The dramatic decline in natural gas prices during the first half of this year has translated into reduced storage injection rates during this summer (as visible from the first graph: a flatter storage injection curve, shown in red, during the summer 2012 period relative to the same period last year). The 908 Bcf storage surplus relative to the five-year average as of April 27 this year has declined to 284 Bcf surplus as of September 7. While the decline can in part be attributed to the hotter-than-average summer, the largest factor is the estimated 3-4 Bcf/d average year-on-year reduction of the production surplus over weather-normalized demand. Assuming that the injection will continue through the end of this season at a rate which is 4 Bcf/d lower than last year, the storage would peak this year at approximately 3.9 Tcf, similar to last year's level.

How much spare storage capacity is left this year?

EIA estimates total working gas storage capacity ("design capacity") for the Lower 48 states at 4.5 Tcf as of April 2012. It is important to note that, according to EIA data, total Lower 48 design capacity increased by 110 Bcf from April 2011 to April 2012, and therefore natural gas storage likely has extra 100 Bcf of headroom this year relative to last.

At the peak, actual amount of gas stored in the system is below the aggregate design capacity (not all the facilities are full at the same time). EIA uses the concept of "demonstrated peak capacity" which is the sum of the highest storage inventory level of working gas observed in each facility over the prior 5-year period (as reported by the operator on the Form EIA- 191M "Monthly Underground Gas Storage Report").

EIA estimates that the demonstrated peak working gas capacity for U.S. underground working natural gas storage for the Lower 48 states was 4,239 Bcf as of April 2012, a 3%, or 136 Bcf, increase from April 2011. Most of the increase came in the form of more use of traditional storage in the West (56 Bcf) and salt cavern storage in the Producing region (58 Bcf). Salt cavern storage allows rapid injection and withdrawal to respond to market conditions and other short-term events. Demonstrated peak working natural gas in the East rose by only 14 Bcf (less than 1%), but this small increase coincided with the rapid growth of production from the Marcellus Shale.

What are the implications for natural gas prices?

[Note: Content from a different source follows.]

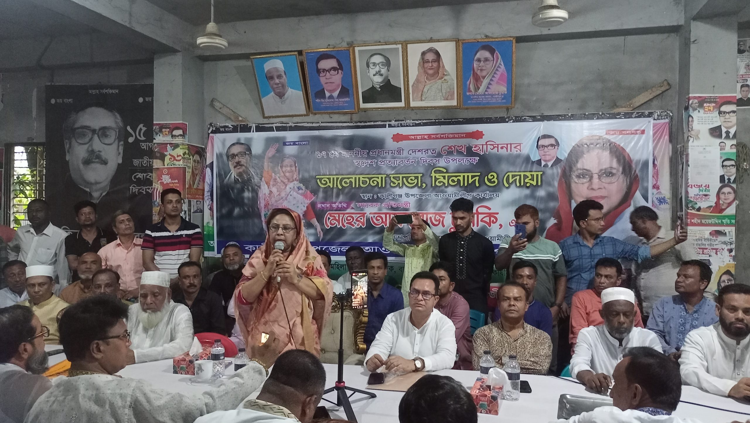 প্রধানমন্ত্রী শেখ হাসিনার স্বদেশ প্রত্যাবর্তন দিবস উপলক্ষে কালীগঞ্জ উপজেলা আ’লীগের উদ্যোগে আলোচনা সভা, মিলাদ ও দোয়া অনুষ্ঠিত হয়। শনিবার (১৮

This year's injection season is largely in the rear view mirror. Given the much reduced production surplus relative to apparent demand, the 100 Bcf expanded storage capacity and operators' demonstrated willingness to shut in production rather than sell gas at uneconomic prices, in my view, there is little risk that a storage crunch will occur this year. The next two-three weeks should resolve the remaining uncertainty. While the storage "overflow" is unlikely, so is the substantial price recovery until November. As significant production volumes remain curtailed, subdued natural gas prices will be needed to avoid the acceleration of shut-in amounts before the end of the injection season.

The market already seems to be looking beyond November and focusing on the supply/demand fundamentals for 2013. The critical question remains, what gas price will be required to motivate operators to put some additional rigs to work in dry gas shales. Looking at the NYMEX futures, the market seems to believe that $3.50-$4.00/MMBtu should be sufficient for a "soft rebalancing" of supply and demand in 2013.

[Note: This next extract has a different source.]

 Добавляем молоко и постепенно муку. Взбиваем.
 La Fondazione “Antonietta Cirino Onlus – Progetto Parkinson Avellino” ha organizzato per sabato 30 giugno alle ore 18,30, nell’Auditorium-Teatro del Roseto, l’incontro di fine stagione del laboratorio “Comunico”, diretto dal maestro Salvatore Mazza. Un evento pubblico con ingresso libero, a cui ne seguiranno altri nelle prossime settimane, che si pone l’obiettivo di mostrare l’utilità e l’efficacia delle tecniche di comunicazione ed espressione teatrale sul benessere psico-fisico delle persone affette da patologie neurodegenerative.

This discussion of natural gas fundamentals bears relevance to natural gas producer stocks. My natural gas producer index includes:

  • Chesapeake Energy (CHK)
  • EnCana Corporation (ECA)
  • Devon Energy (DVN)
  • Southwestern Energy (SWN)
  • Ultra Petroleum (UPL)
  • EXCO Resources (XCO)
  • WPX Energy (WPX)
  • Cabot Oil & Gas (COG)
  • Range Resources (RRC)
  • QEP Resources (QEP)
  • Quicksilver Resources (KWK)
  • Forest Oil (FST)

Disclosure: I have no positions in any stocks mentioned, and no plans to initiate any positions within the next 72 hours. I wrote this article myself, and it expresses my own opinions. I am not receiving compensation for it (other than from Seeking Alpha). I have no business relationship with any company whose stock is mentioned in this article.